The head markings are striking. The forehead and crown are also blue-grey, and dark brown eyes peer out from above the sturdy, dark grey beak. There is a black eye stripe along the superciliary line, from the maxilla, through the eye and up to the nape sides. The underside of the neck is buff-white, and the cheeks and chin are white.
The female’s appearance is quite similar to the male’s, but her hues are not as bright as his. The immature European Nuthatch resembles the adult female, but its feather markings are duller.
The Eurasian Nuthatch’s breeding season takes place in April and May. During this time, the highly territorial pair is inseparable, utilizing constant contact calls and foraging in the same places. The male’s courtship includes displaying his spread tail feathers and fluffing his wings as they open to display the brightly colored plumage.
Rather than build its own nests, the Eurasian Nuthatch seeks a vacated woodpecker’s nest or a natural cavity in a tree in which to build its cup-shaped nest.

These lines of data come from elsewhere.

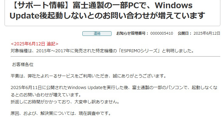 2015~2017年に発売された富士通製デスクトップPCで「Windows Update」後に起動できない事象 大塚商会 itmedia.co.jp/pcuser/article…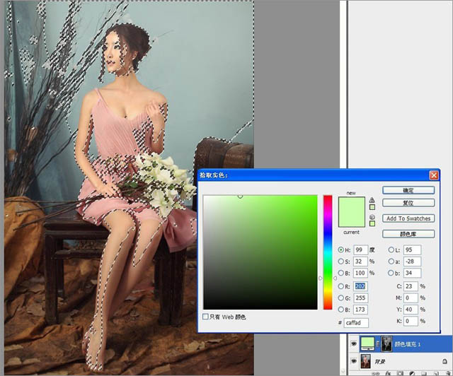 2、打开"选择/色彩范围",选取高光部分,添加"颜色填充"图层,选择一个淡绿色,参数见下图,用绿色给高光部位进行填充,然后将图层混合模式调整为"线性减淡",调整图层不透明为33%,让景与人融合的更加自然。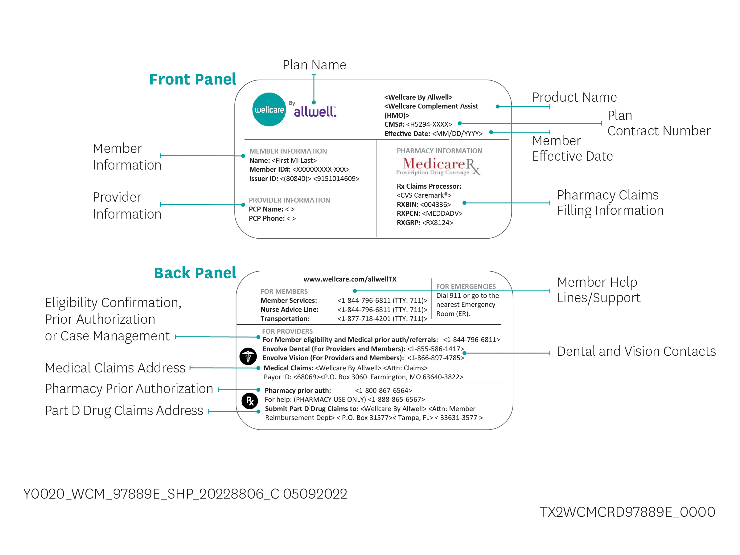 Este es un ejemplo de una tarjeta de identificación de Wellcare por Allwell para ayudarlo a conocer y comprender las diferentes partes de su tarjeta de identificación de afiliado.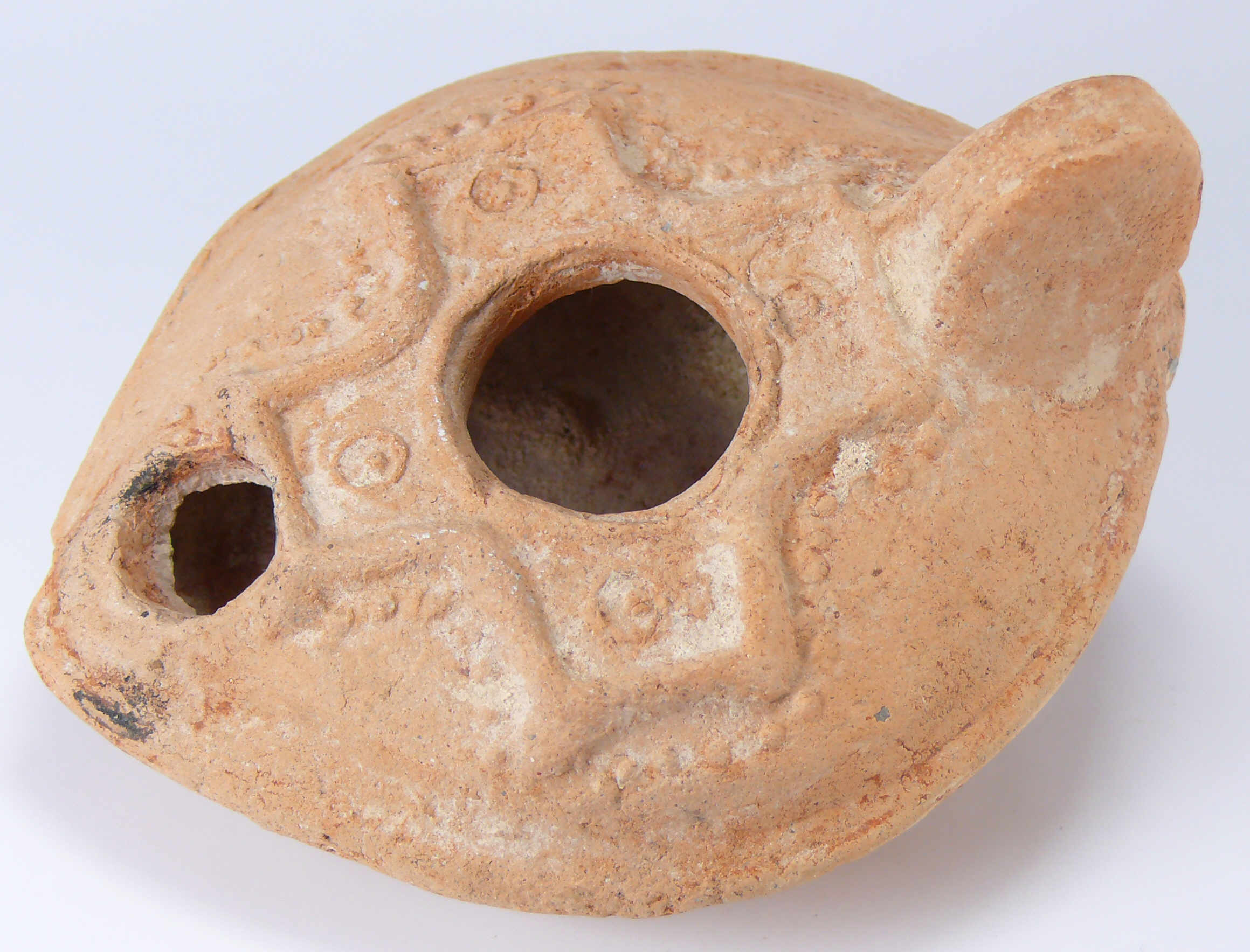Avers : Lampe à huile en terre cuite de couleur beige, ornée en médaillon d’une croix décorée d’oselles. 90 mm.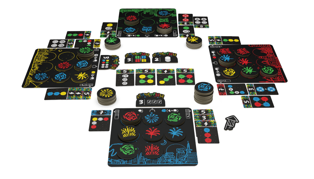 • 4 Plateaux joueur double-face (avec leur propre couleur et Feu d’artifice)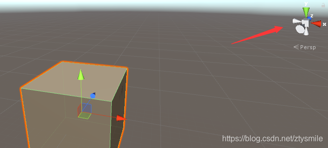 图中方块为刚创建的一个Cube,如图,在刚开始的时候Cube的坐标系是和右上角的坐标系一样的,都属于全局坐标系(也叫世界坐标系),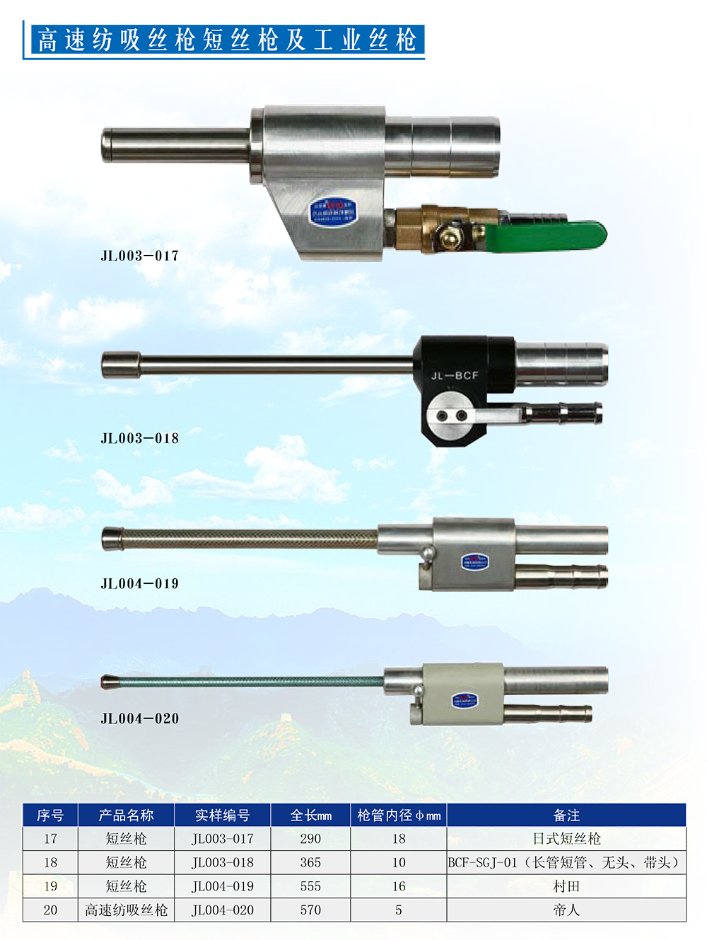 主營(yíng)各種系列吸絲槍和各種規(guī)格快速插座、升絲拉桿為主。吸絲槍主要包括高速紡FDY、 POY、短絲槍、工業(yè)絲槍,包括紡DTY、加彈機(jī)系列。來(lái)圖來(lái)樣生產(chǎn)。

The female lines the nest area with wood chips or bark, and if the entrance hole is more open than they would like, she packs mud around it to reduce its size. She may also use the mud to coat the interior of the nest for protection in inclement weather.
After the hen has spent as much as a month building the nest by herself, she retains ownership of it for several years. She will lay 5-9 white eggs; these have tiny rufous markings. She incubates the eggs for 13-18 days; after that she alone broods the chicks. Both male and female feed the babies during the 19-29 day nesting time. A week or two later they fledge. The pair generally produces only one brood per season, but sometimes she will lay a second clutch.
Just as other species of Nuthatch wedge their food into bark crevices, so does the Eurasian. They pound the seeds and insects into the crevice for later retrieval, using the weight of their tiny bodies to drive the food deep into the wood.
They too visit bird feeders; they can be quite aggressive while at the feeder, chasing other birds away.
The highly vocal Eurasian Nuthatch can be quite loud when calling. The calls range from a sudden “twit,” a few at a time, to several notes sung quickly. When excited, it can sing as many as 10 notes per second! Its alarm call is a shrill “sirrr,” and the contact call is given just before taking flight. It is composed of a slight “tsit” sound. The notes have a wide range of pitches, rising and falling, and are often repeated.